→ TASK BRIEF:
After locating the line that holds "Now to build", repeat it and each following line exactly until the material ends, skipping pictures.
##### RAW DATA
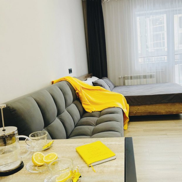 Студия с балконом и с красивым видом из окна
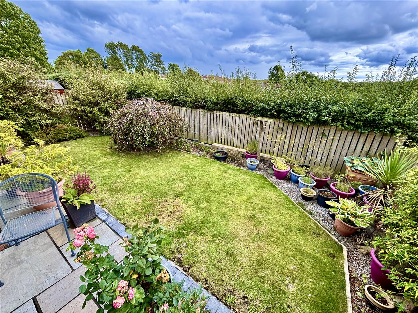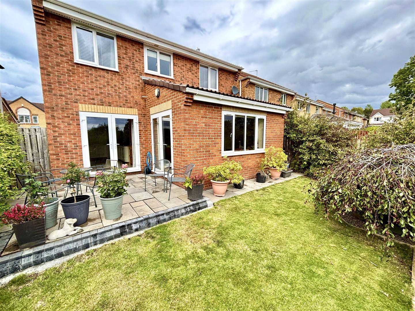 To the front of the property is a lawned garden and double driveway for off street parking, whilst to the rear is an enclosed, landscaped garden with lawn, well stocked borders and a patio area. The garden backs on to a children’s park making it ideal for family buyers.
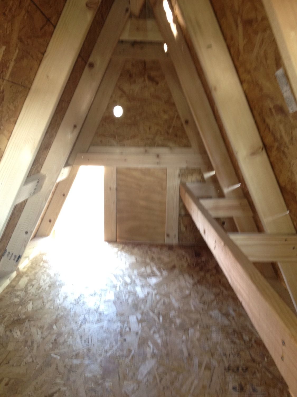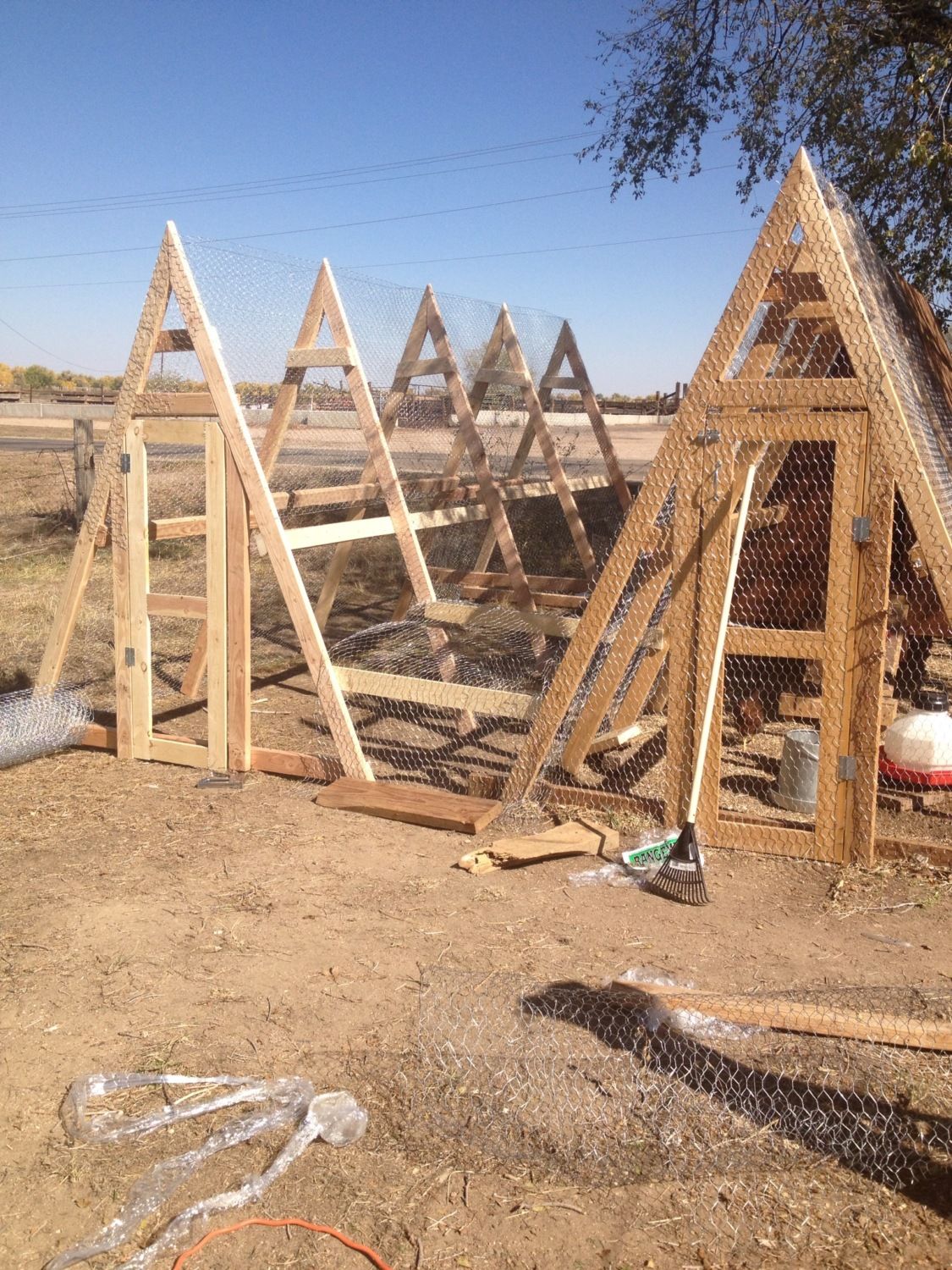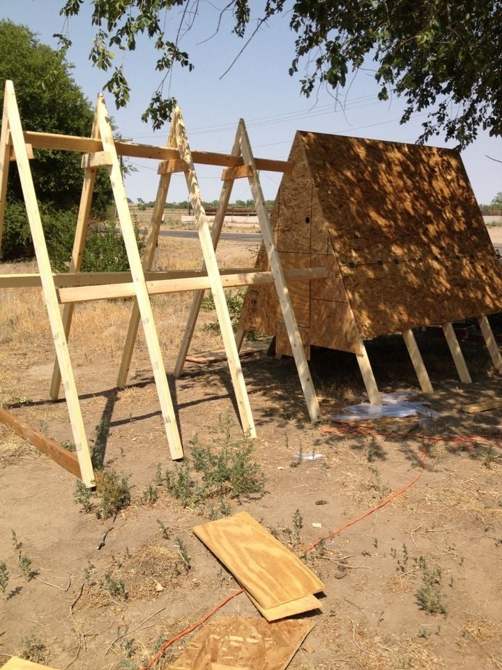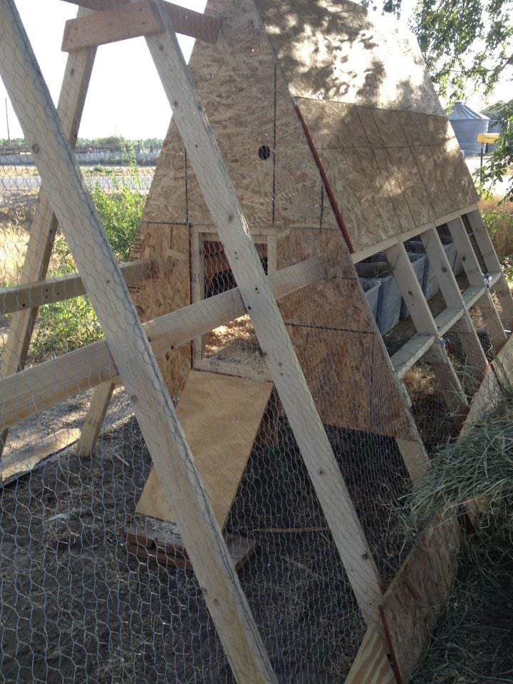 Now to build a chicken coop. There were hundreds of ideas for coops on the internet. My husband and brother said they were willing to build it for me, however, my job was to pick one I liked. Deciding on the type was time consuming but finally I chose an A-Frame style. My reason for the choice was ease in construction. Shade would be provided under the coop and I just thought it would look cool. This coop was similar to those on the internet, but I did make a few minor adjustments.
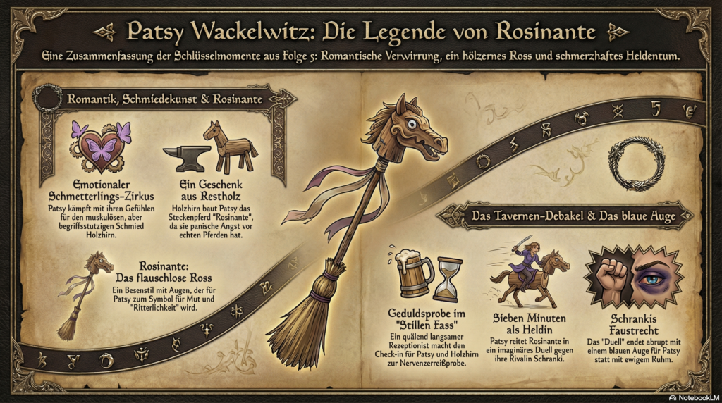 Rosinante ist Patsys nächster großer Schritt: weniger „Was passiert als Nächstes?“ und mehr „Wer will ich eigentlich sein?“. Statt Epik um jeden Preis geht’s um Tempo, Ton und Taktgefühl – um Patsys typisch schrägen Rhythmus zwischen „ja, nein, vielleicht… genau“. Du bekommst eine energiegeladene Folge, die Komik, Herz und Selbstironie bündelt, ohne dir die Schlüsselmomente vorwegzunehmen.
##########
→ EXERCISE OUTPUT:
 Now to build a chicken coop. There were hundreds of ideas for coops on the internet. My husband and brother said they were willing to build it for me, however, my job was to pick one I liked. Deciding on the type was time consuming but finally I chose an A-Frame style. My reason for the choice was ease in construction. Shade would be provided under the coop and I just thought it would look cool. This coop was similar to those on the internet, but I did make a few minor adjustments.
 Rosinante ist Patsys nächster großer Schritt: weniger „Was passiert als Nächstes?“ und mehr „Wer will ich eigentlich sein?“. Statt Epik um jeden Preis geht’s um Tempo, Ton und Taktgefühl – um Patsys typisch schrägen Rhythmus zwischen „ja, nein, vielleicht… genau“. Du bekommst eine energiegeladene Folge, die Komik, Herz und Selbstironie bündelt, ohne dir die Schlüsselmomente vorwegzunehmen.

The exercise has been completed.